# Required action:
In the material below, pictures must be dropped. Repeat exactly, and only, the lines from the line with "Rodolit garnet ve" to the line with "в ванной кафель, бойлер.", both ends included.

# Records for this task:

• • •

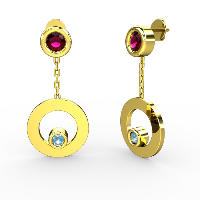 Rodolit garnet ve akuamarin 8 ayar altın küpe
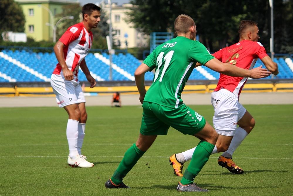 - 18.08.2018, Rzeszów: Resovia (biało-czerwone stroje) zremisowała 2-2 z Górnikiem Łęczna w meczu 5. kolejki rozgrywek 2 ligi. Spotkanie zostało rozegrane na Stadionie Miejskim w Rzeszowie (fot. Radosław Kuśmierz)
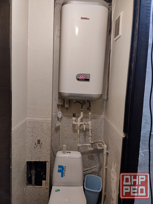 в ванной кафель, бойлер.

• • •

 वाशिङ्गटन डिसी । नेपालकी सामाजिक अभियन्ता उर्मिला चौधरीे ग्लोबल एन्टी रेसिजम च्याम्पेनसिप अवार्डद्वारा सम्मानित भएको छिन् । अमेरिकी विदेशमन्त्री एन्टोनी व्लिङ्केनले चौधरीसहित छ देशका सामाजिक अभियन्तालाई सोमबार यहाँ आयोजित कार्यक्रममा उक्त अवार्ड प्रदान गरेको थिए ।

• • •

# Response:
 Rodolit garnet ve akuamarin 8 ayar altın küpe
 - 18.08.2018, Rzeszów: Resovia (biało-czerwone stroje) zremisowała 2-2 z Górnikiem Łęczna w meczu 5. kolejki rozgrywek 2 ligi. Spotkanie zostało rozegrane na Stadionie Miejskim w Rzeszowie (fot. Radosław Kuśmierz)
 в ванной кафель, бойлер.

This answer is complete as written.